### WHAT YOU NEED TO DO
Once the line containing "2.通过4-溴-2-甲基-6-硝基苯胺和次磷酸合成3-溴-5-硝基甲苯" is found in the data below, repeat it and every later line exactly, leaving the pictures out.

### MATERIAL PROVIDED
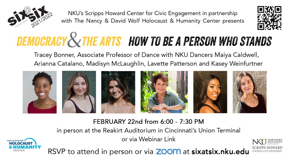 Northern Kentucky University's 2021-2022 season of the Six@Six Lecture Series is focused on the American democracy. Their season’s third “lecture” is not a traditional lecture. Rather, NKU Dance Professor Tracey Bonner will talk about the importance of the arts in raising awareness about civil rights and other issues in our democracy. She’ll be joined by NKU dancers Maiya Caldwell, Arianna Catalno, Madisyn McLaughlin, Lavette Patterson and Kasey Weinfurtner who will interpret Bonner’s talk through choreography.
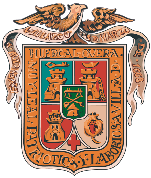 Descripción: Escudo francés moderno cuartelado y entado en punta: 1º de azur castillo de oro mazonado de sable y superado de una llave también de oro; 2º de gules un castillo con escala de oro mazonado de sable y superado de una luna creciente también de oro; 3º de gules un castillo de oro mazonado de sable; 4º de plata una granada de oro mazonada de sable, rajada y frutada de gules; 5º entado en punta de plata una cruz de San Jorge; 6º sobre el todo un escudete de forma afrancesada moderna de sinople con un yugo, una pala y una horca formando un aspa, y una colmena con abejas, puestos en palo y todo de oro; 7º la bordura de oro cargada con la inscripción «Muy Leal, Patriótica y Laboriosa villa de Huércal-Overa» en letras de sable. Al timbre, un águila de su color, sombreada, azorada y colgando de su pico una cinta de plata ondulante cargada de la inscripción «Exención de Villazgo 3 de Marzo de 1668» en letras de oro.
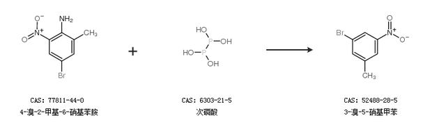 2.通过4-溴-2-甲基-6-硝基苯胺和次磷酸合成3-溴-5-硝基甲苯
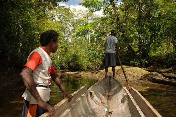 Nachdem Sie in Wakua angekommen sind, steigen Sie auf eine motorisierte 'Prau' um und fahren stromaufwärts den Fluss durch die Mangrovenwälder. Nach einer Stunde auf dem Wasser steigen Sie aus und wandern noch eine Stunde in den Dschungel von Badi Gaki, wo sich Ihr Resort befindet.

### OUTPUT
 2.通过4-溴-2-甲基-6-硝基苯胺和次磷酸合成3-溴-5-硝基甲苯
 Nachdem Sie in Wakua angekommen sind, steigen Sie auf eine motorisierte 'Prau' um und fahren stromaufwärts den Fluss durch die Mangrovenwälder. Nach einer Stunde auf dem Wasser steigen Sie aus und wandern noch eine Stunde in den Dschungel von Badi Gaki, wo sich Ihr Resort befindet.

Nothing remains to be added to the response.